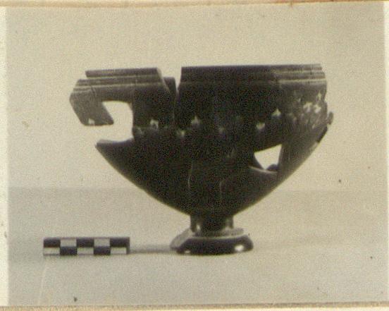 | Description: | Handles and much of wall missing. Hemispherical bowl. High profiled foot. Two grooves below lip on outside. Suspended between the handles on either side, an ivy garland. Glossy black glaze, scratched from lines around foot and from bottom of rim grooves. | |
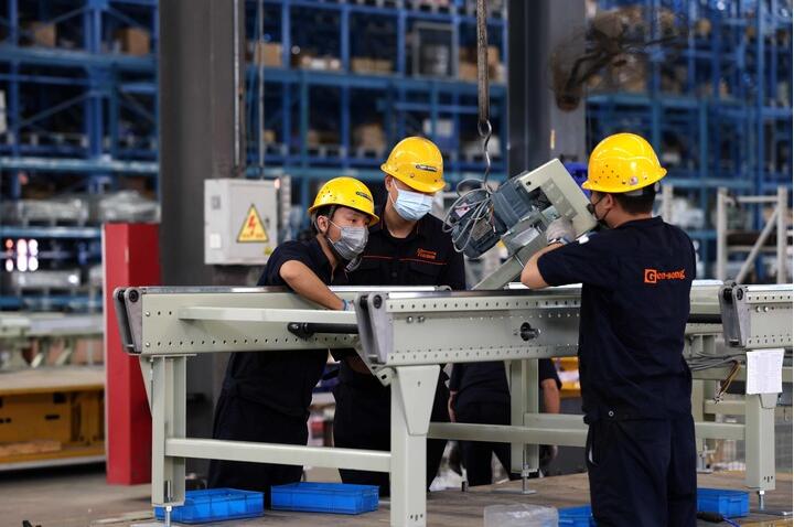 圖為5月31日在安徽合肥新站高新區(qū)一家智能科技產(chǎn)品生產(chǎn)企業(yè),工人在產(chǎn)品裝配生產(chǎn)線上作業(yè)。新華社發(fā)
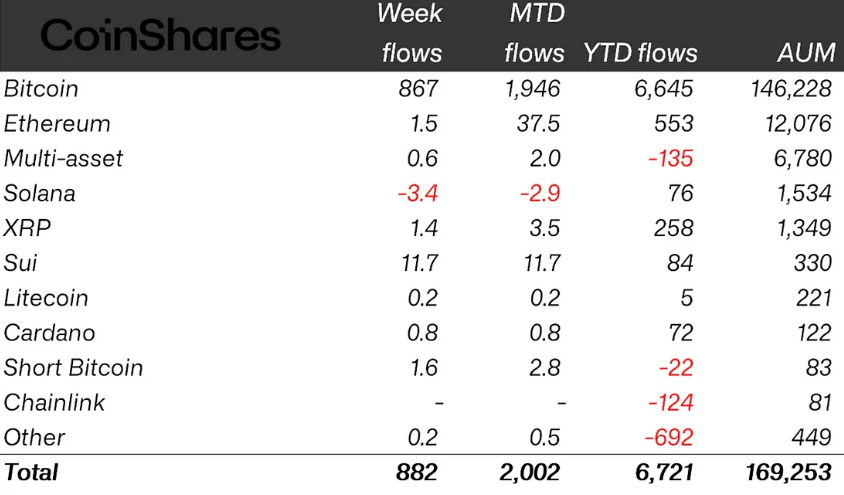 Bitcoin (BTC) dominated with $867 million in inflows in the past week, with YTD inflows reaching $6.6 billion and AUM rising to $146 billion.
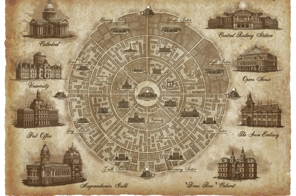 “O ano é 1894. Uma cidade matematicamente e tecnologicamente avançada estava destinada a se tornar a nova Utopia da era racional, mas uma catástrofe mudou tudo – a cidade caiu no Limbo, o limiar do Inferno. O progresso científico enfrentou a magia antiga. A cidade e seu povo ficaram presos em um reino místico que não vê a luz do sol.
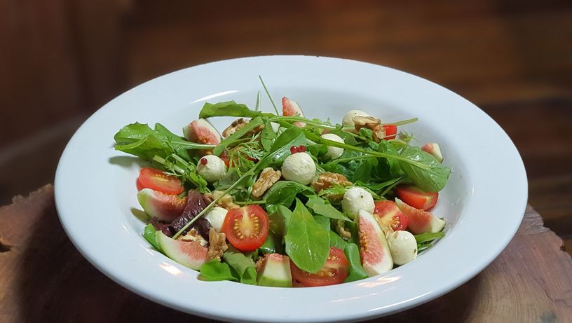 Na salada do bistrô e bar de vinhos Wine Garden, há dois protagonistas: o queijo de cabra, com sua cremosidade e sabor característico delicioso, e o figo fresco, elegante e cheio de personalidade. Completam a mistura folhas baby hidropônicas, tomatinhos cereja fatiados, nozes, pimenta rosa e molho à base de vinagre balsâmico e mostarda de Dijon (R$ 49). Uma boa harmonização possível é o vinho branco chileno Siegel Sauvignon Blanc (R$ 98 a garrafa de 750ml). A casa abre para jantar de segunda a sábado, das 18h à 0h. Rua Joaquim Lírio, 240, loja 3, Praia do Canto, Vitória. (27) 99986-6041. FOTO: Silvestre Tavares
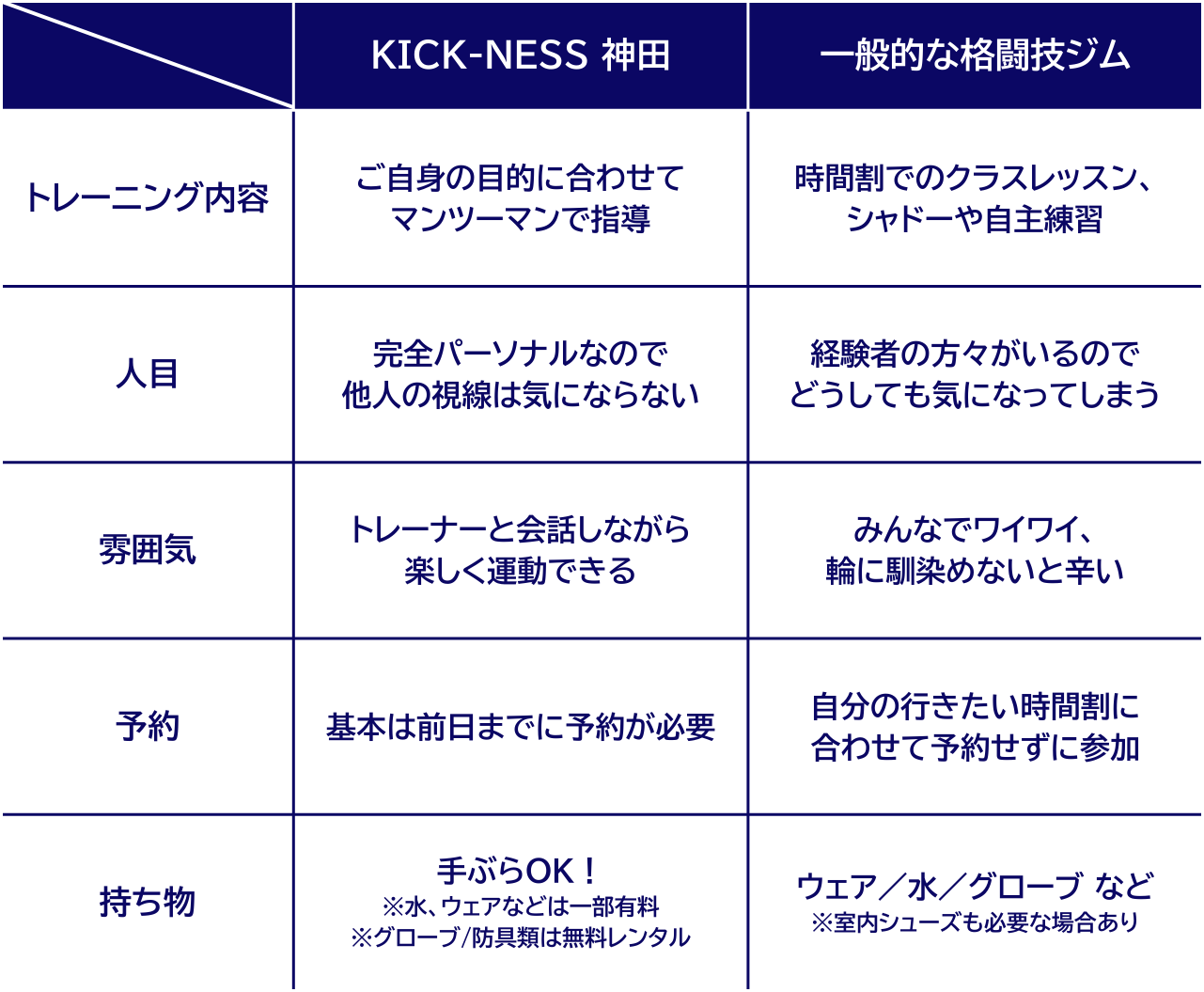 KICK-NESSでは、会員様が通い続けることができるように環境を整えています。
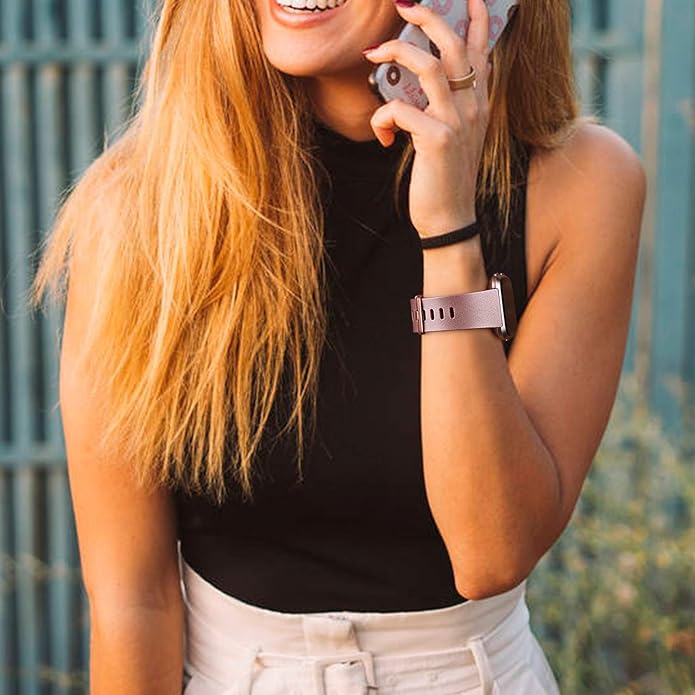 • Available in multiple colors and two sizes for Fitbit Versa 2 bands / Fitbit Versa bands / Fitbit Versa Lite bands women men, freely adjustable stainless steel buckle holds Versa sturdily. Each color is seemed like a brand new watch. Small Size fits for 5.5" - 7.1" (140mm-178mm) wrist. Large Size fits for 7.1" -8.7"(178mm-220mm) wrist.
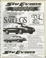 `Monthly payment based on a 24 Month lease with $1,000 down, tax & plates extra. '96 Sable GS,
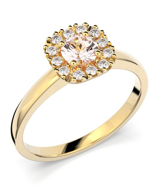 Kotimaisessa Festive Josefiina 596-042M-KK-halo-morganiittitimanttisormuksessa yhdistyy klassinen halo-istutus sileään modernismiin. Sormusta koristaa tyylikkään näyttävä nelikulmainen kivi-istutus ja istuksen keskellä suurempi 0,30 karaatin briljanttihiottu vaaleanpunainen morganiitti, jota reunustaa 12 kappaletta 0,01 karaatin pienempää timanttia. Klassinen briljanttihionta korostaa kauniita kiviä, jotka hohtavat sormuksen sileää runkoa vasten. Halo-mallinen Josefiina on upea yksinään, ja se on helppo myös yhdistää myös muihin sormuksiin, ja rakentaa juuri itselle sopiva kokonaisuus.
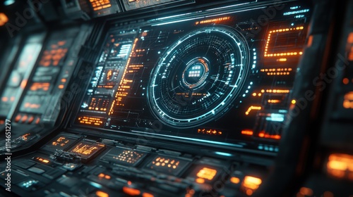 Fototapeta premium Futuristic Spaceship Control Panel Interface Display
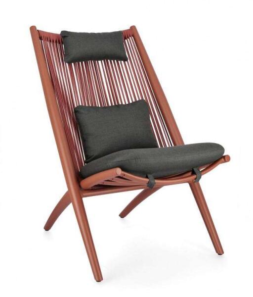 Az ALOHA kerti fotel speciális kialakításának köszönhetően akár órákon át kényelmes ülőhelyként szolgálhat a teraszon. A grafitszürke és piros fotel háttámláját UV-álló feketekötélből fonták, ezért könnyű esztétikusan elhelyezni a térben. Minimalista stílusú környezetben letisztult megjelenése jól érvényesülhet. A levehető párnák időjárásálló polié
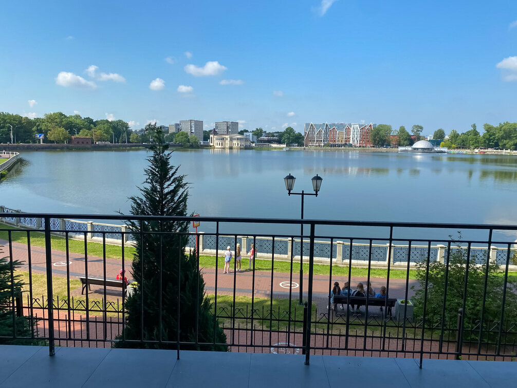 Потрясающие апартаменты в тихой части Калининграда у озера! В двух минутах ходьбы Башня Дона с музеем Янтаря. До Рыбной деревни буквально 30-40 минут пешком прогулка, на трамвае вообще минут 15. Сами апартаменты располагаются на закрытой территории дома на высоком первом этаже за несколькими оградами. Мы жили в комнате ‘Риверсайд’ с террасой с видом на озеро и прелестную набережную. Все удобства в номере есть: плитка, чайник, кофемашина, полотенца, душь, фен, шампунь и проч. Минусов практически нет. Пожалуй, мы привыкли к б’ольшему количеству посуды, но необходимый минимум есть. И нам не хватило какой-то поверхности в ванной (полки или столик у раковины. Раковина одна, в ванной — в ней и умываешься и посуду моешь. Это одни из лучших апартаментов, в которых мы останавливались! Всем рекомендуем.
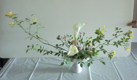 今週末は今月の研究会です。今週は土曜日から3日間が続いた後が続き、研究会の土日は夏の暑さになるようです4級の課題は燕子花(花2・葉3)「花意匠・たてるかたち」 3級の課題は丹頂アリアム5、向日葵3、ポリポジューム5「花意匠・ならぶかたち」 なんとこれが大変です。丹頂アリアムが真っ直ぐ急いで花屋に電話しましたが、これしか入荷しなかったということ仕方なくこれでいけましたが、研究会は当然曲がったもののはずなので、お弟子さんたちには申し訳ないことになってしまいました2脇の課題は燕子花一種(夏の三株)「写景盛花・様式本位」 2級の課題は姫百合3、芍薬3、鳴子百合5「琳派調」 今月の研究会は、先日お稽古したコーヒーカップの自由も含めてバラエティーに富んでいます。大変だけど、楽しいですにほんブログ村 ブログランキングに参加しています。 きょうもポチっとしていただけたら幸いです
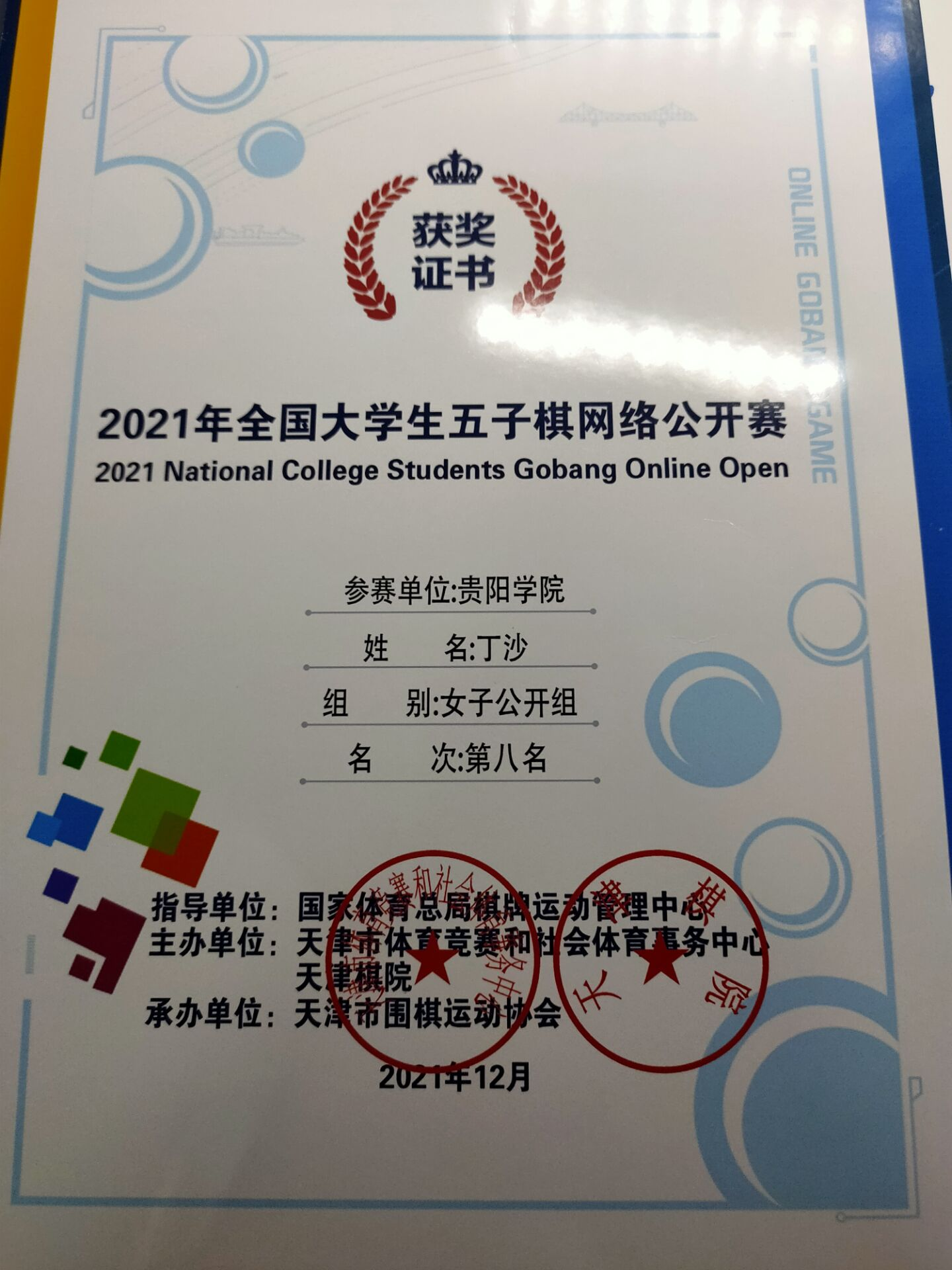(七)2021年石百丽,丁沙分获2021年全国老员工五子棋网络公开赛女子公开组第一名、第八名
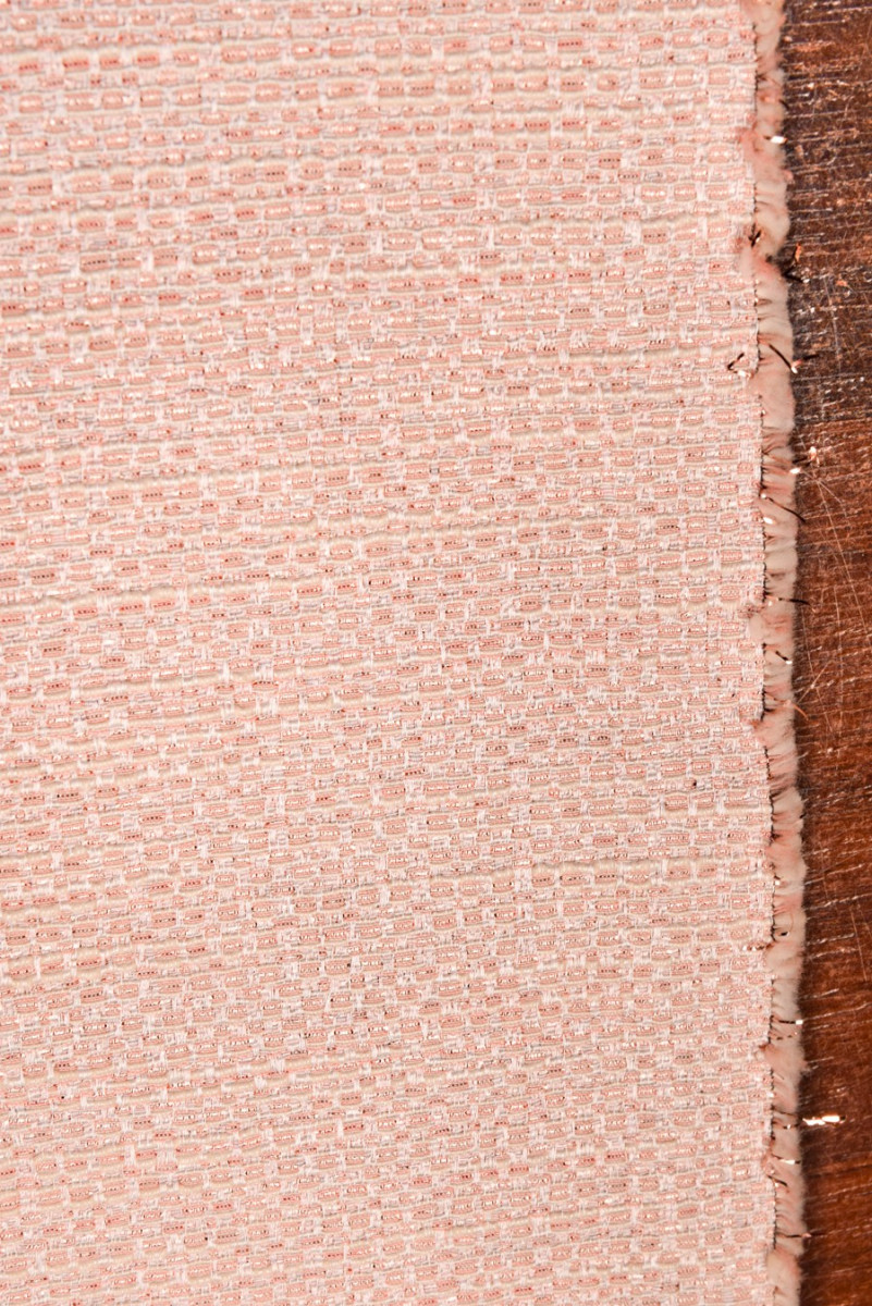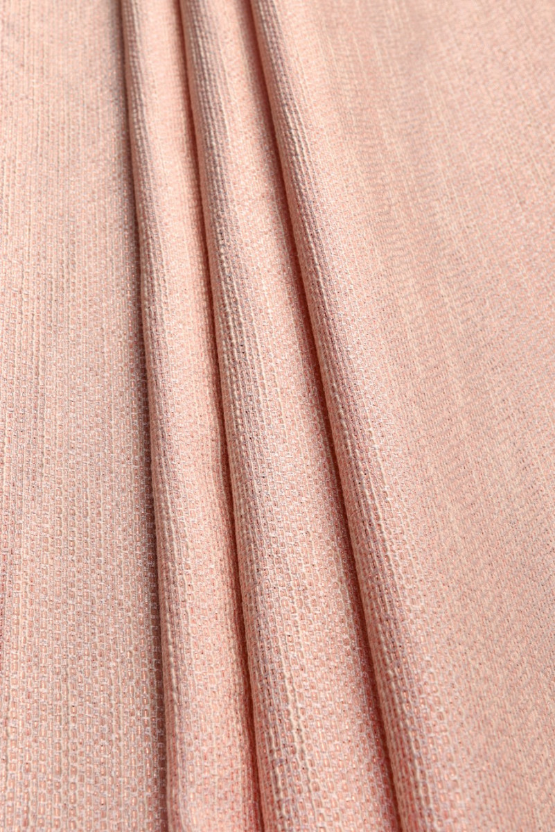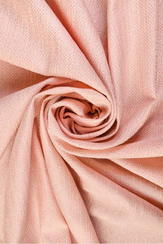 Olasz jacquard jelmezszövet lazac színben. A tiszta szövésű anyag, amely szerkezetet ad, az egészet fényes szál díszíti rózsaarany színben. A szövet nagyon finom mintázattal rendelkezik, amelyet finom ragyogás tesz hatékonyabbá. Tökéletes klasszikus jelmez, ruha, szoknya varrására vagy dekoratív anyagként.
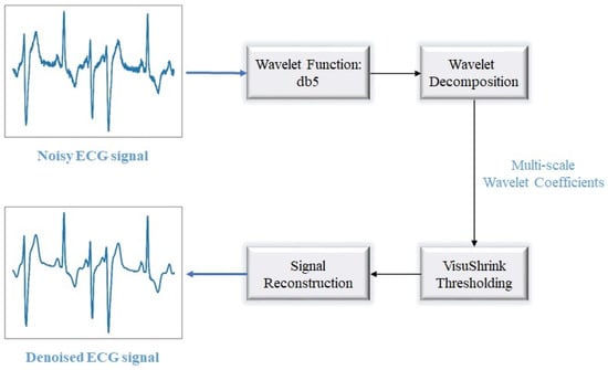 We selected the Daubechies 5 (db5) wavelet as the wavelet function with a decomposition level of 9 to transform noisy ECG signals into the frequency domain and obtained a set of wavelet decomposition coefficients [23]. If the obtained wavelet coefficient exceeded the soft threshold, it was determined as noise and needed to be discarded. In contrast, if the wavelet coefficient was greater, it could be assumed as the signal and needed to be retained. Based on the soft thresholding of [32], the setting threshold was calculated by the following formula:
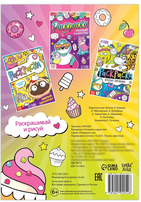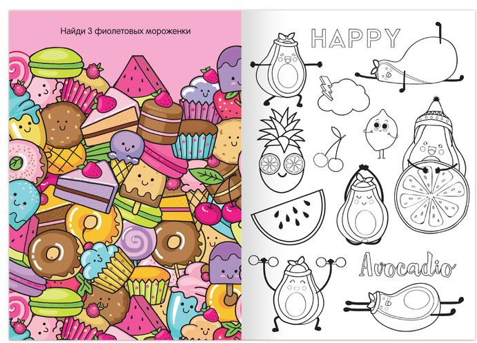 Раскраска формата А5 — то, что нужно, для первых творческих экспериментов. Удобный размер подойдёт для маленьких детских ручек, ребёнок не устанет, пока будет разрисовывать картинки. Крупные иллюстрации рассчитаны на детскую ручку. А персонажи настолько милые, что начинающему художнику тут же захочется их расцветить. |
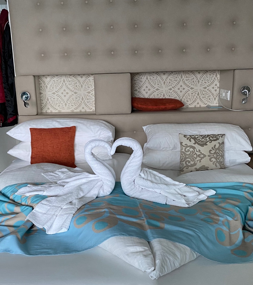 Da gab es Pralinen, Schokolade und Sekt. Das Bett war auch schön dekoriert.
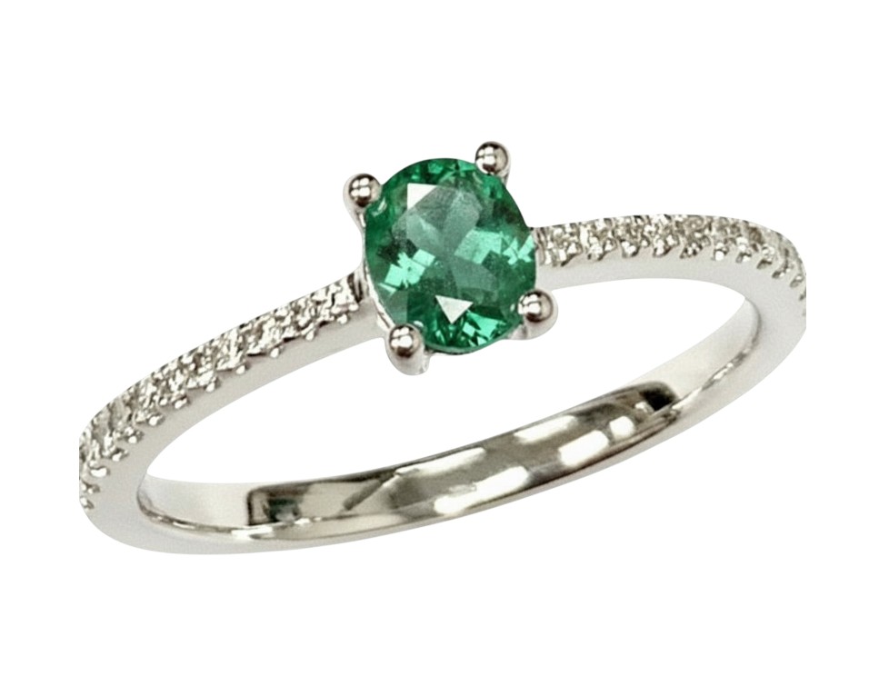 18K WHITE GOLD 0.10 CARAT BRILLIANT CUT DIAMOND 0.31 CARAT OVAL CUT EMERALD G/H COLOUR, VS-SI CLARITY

*****

• _What you will do_
Now transcribe the lines above exactly, starting at the line containing "luz do sol." and ending at the line containing "payment based on", both lines included, pictures excluded.

• _Result of this exercise_
 “O ano é 1894. Uma cidade matematicamente e tecnologicamente avançada estava destinada a se tornar a nova Utopia da era racional, mas uma catástrofe mudou tudo – a cidade caiu no Limbo, o limiar do Inferno. O progresso científico enfrentou a magia antiga. A cidade e seu povo ficaram presos em um reino místico que não vê a luz do sol.
 Na salada do bistrô e bar de vinhos Wine Garden, há dois protagonistas: o queijo de cabra, com sua cremosidade e sabor característico delicioso, e o figo fresco, elegante e cheio de personalidade. Completam a mistura folhas baby hidropônicas, tomatinhos cereja fatiados, nozes, pimenta rosa e molho à base de vinagre balsâmico e mostarda de Dijon (R$ 49). Uma boa harmonização possível é o vinho branco chileno Siegel Sauvignon Blanc (R$ 98 a garrafa de 750ml). A casa abre para jantar de segunda a sábado, das 18h à 0h. Rua Joaquim Lírio, 240, loja 3, Praia do Canto, Vitória. (27) 99986-6041. FOTO: Silvestre Tavares
 KICK-NESSでは、会員様が通い続けることができるように環境を整えています。
 • Available in multiple colors and two sizes for Fitbit Versa 2 bands / Fitbit Versa bands / Fitbit Versa Lite bands women men, freely adjustable stainless steel buckle holds Versa sturdily. Each color is seemed like a brand new watch. Small Size fits for 5.5" - 7.1" (140mm-178mm) wrist. Large Size fits for 7.1" -8.7"(178mm-220mm) wrist.
 `Monthly payment based on a 24 Month lease with $1,000 down, tax & plates extra. '96 Sable GS,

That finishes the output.